The Wonderful Wizard of Oz
I've never read L. Frank Baum's classic Oz book series. Like most people, my primary point of reference is The Wizard of Oz, the famous 1939 film adaptation of the first book. And my own impressions are more reliant on general cultural osmosis than from any recent viewing of the movie. The resulting effect is that, for better or worse, it's become virtually impossible to separate the narrative from the film's many well-known musical numbers. The other obvious impact of the movie is its memorable visual identity, which I believe was largely derived from the original book illustrations of W.W. Denslow. At any rate it's a safe bet that when most people in the Western world picture the land of Oz, they're partially recalling scenes like the cast singing "we're off to see the wizard" while marching down the yellow brick road. So unfortunately, any adaptation not only has to compare with the written text, but this beloved movie as well. The last effort that I can recall seeing was the 2007 mini-series Tin Man - a plodding, overly-long attempt to superimpose onto the fairy tale a bleaker, more adult sensibility, and a conscious repudiation of the sun-drenched world of its predecessors for a more dystopian, post-industrial setting.
Given this history, what's immediately most striking thing about this comic book adaptation of The Wonderful Wizard of Oz is the cleverness of its artistic approach. Navigating between the poles of faithful reproduction and critical deconstruction, artist Skottie Young and colorist Jean-Francois Beaulieu opt for an interpretation that feels fresh without coming across as a cynical attempt to "update" the source material. Speaking only for myself, I much prefer it to Denslow or the 1939 film. Young draws in a more rubbery cartoon style which, in comparison to Denslow's more mundane-looking designs, is frankly better suited to capturing the fantastic world of Oz. And Beaulie's warm, bright color palette and painterly layering imbue Young's lines with the right amount of two seemingly contradictory qualities: nostalgic remembrance and innocent wonder.
The main protagonist Dorothy looks much more fragile and child-like than the inevitably more stolid presence of Judy Garland. But this makes her scrappy demeanor and acts of bravery all the more endearing. The fantasy-based characters have a certain creepy, even alien, quality not found in the movie. This lends them a certain edginess not found in Denslow. The Scarecrow actually looks like a sack of straw that inexplicably talks despite not having a real mouth. The Cowardly Lion is a more convincing giant fuzzball. But the most interesting redesign is the Tin Woodman, who now sports a handlebar mustache and a deeply furrowed brow. This gives the character a sorrowful, middle-age appearance which generates pathos in his quest for a heart.

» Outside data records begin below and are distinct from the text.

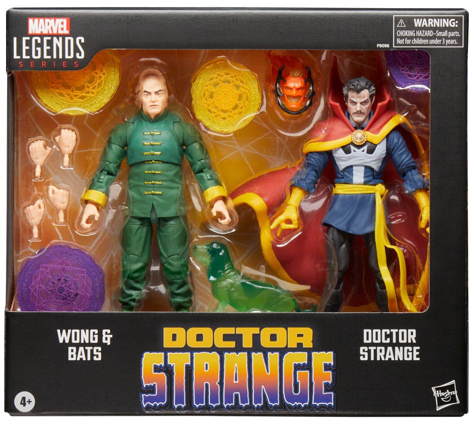 Marvel action figure set comes with 10 accessories, including alternate hands, spell FX, alternate Dormammu head for Doctor Strange, and translucent, non-articulated Bats.
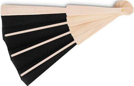 Manual hand fan in wood with polyester fabric.
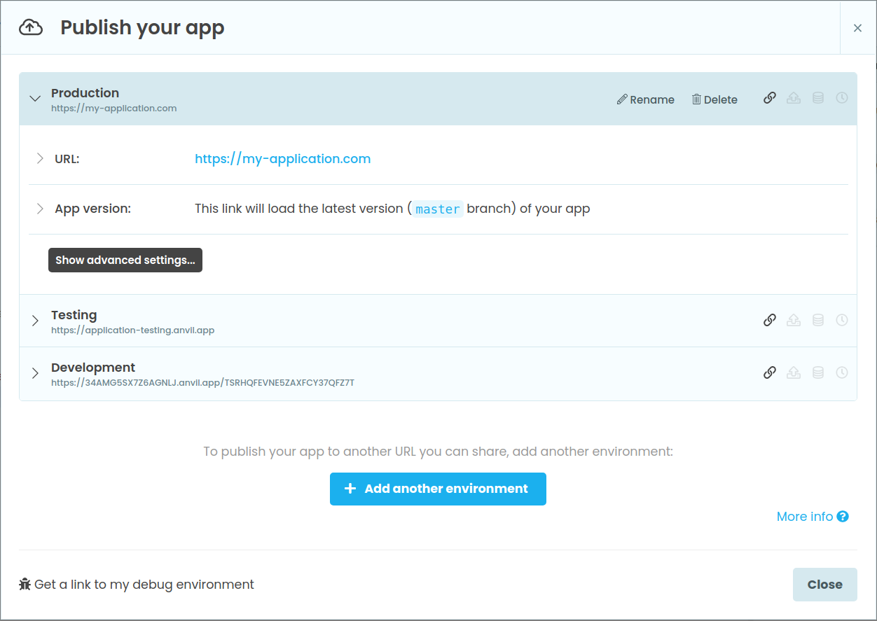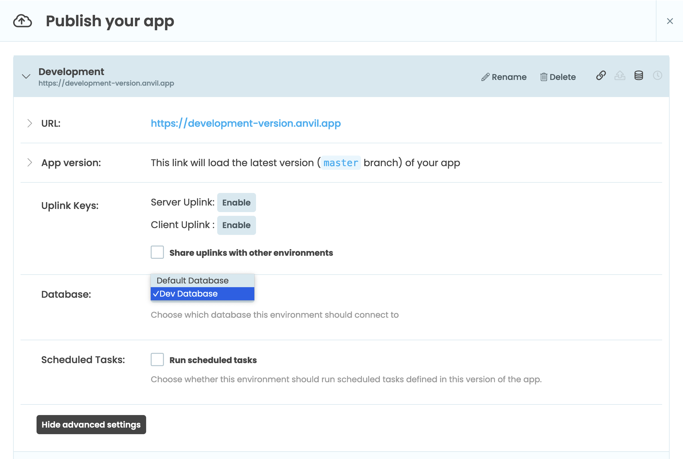 Each Anvil app can have multiple databases. You might want different deployment environments to use different databases – for example, so you can test your app without affecting production data. You can choose which database each environment uses. The tables in this database will be available via anvil.tables.app_tables in this environment.
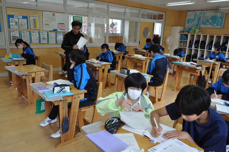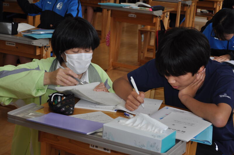2023年5月25日 12時23分本日3年生の4校時目の授業は数学で,多項式について学習していました。生徒のみんさんは,いろいろな式の展開について,先生のアドバイスをもとに練習問題に取り組んだり,友達と教えあいながら答えを導き出したりしていました。

For those familiar with only the movie, an interesting point of divergence is that writer Eric Shanower preserves within the comic a certain storybook quality. This can be partly explained by the serial format, but an episodic structure which carefully divides the story into a series of set pieces is a useful method for keeping a younger audience's interest in an extended narrative. This makes it very suitable material to being followed over the course of several readings. Their didactic nature definitely comes through, as each chapter is a mini-adventure that forces the characters to call upon heretofore unacknowledged virtues (wisdom, compassion, courage, sheer dumb luck).
I take it that Shanower is being extremely faithful to the book, because I get the impression that the included text was lifted almost verbatim. The results are not always ideal since the comic alternates between highly wordy panels that feel like pages from children's picture books, and silent panels where the art alone tells the story. These contrasting approaches stick out incongruously rather than flow seamlessly into one another. The more verbose panels take on the voice of an omniscient narrator who will often reinforce what the art is already showing. This makes the sudden quiet of the other panels seem a bit odd. Something also seems to have been lost during the paring-down process of the text for the comic, because the dialogue often sounds dry. This contrasts with the more lively portrayals within the panels. Rather than complimenting the art, the text often seems to be wanting to set the pace and overall tone. But the result is that certain actions or key moments feel understated, or even completely lost, when they could have been illustrated for greater visual impact. Perhaps a looser wording of the text would have served the comic better.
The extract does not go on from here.